__ASSIGNED TASK__: Copy the data precisely, character for character, and leave out every picture.

__DATASET SECTION__:
○ ○ ○ ○ ○ ○ ○
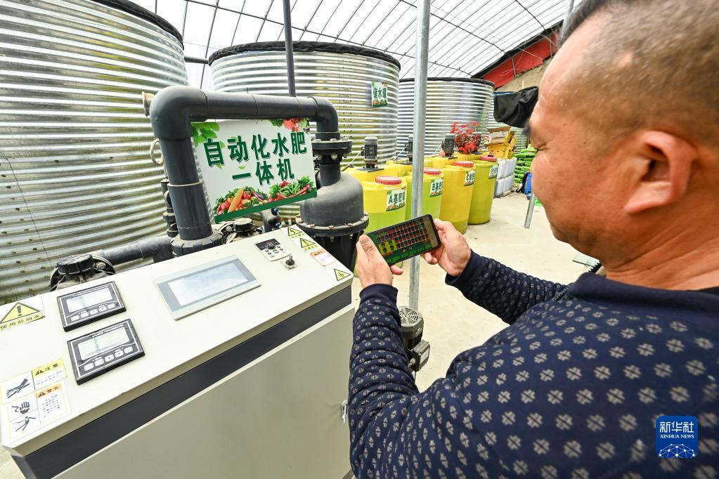 現(xiàn)代設(shè)施農(nóng)業(yè)示范基地的管理人員通過手機控制自動化水肥一體機。記者 丁磊 攝
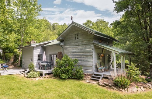 Welcome to "Pioneer Creek" Located near Cataloochi Ski Resort/Ranch in the heart of Maggie Valley. This Beautiful 1850's authentic Appalachian log cabin sits on a lush, walkable acre, filled with the sounds of a rushing, cascading creek. The creek wraps around the property perimeter, bringing a peaceful and melodic serenity, while you rock on the covered front porch. Unwind under the stars on the porches or enjoy story time around the fire pit. Enjoy this Civil War era cabin with all the modern comforts of home, such as a fully equipped large kitchen, flat screen TVs in every room and Charter Spectrum internet Wi-Fi. This property is located only minutes from the ski lifts and downtown Maggie Valley. It is close to the Blue Ridge Parkway, Waynesville and Asheville. Everyone is welcome, kids and pets included!
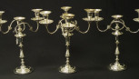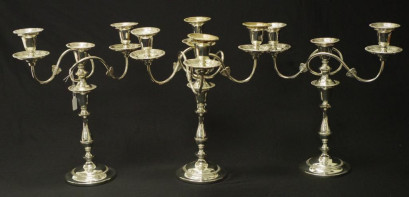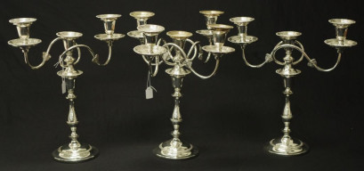 Lot Description:Three Reproduction Old Sheffield Plate candelabra
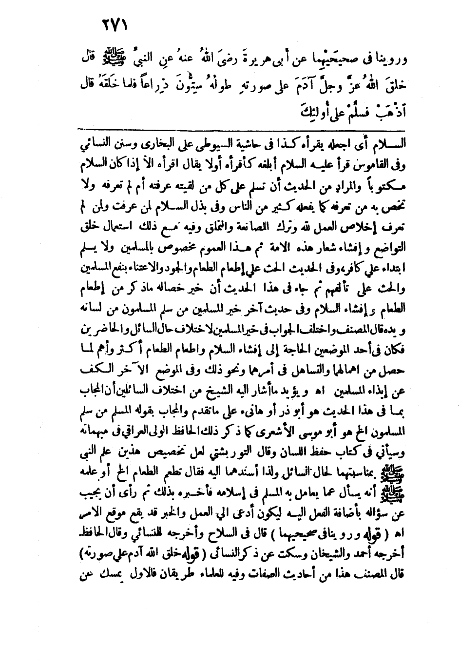 قوله: (وروينا في صحيحيهما) قال في السلاح وأخرجه النسائي وقال الحافظ: أخرجه أحمد والشيخان وسكت عن ذكر النسائي. قوله: (خلق الله آدم على صورته) قال المصنف: هذا من
○ ○ ○ ○ ○ ○ ○
__SOLUTION FOR THIS EXERCISE__:
 現(xiàn)代設(shè)施農(nóng)業(yè)示范基地的管理人員通過手機控制自動化水肥一體機。記者 丁磊 攝
 Welcome to "Pioneer Creek" Located near Cataloochi Ski Resort/Ranch in the heart of Maggie Valley. This Beautiful 1850's authentic Appalachian log cabin sits on a lush, walkable acre, filled with the sounds of a rushing, cascading creek. The creek wraps around the property perimeter, bringing a peaceful and melodic serenity, while you rock on the covered front porch. Unwind under the stars on the porches or enjoy story time around the fire pit. Enjoy this Civil War era cabin with all the modern comforts of home, such as a fully equipped large kitchen, flat screen TVs in every room and Charter Spectrum internet Wi-Fi. This property is located only minutes from the ski lifts and downtown Maggie Valley. It is close to the Blue Ridge Parkway, Waynesville and Asheville. Everyone is welcome, kids and pets included!
 Lot Description:Three Reproduction Old Sheffield Plate candelabra
 قوله: (وروينا في صحيحيهما) قال في السلاح وأخرجه النسائي وقال الحافظ: أخرجه أحمد والشيخان وسكت عن ذكر النسائي. قوله: (خلق الله آدم على صورته) قال المصنف: هذا من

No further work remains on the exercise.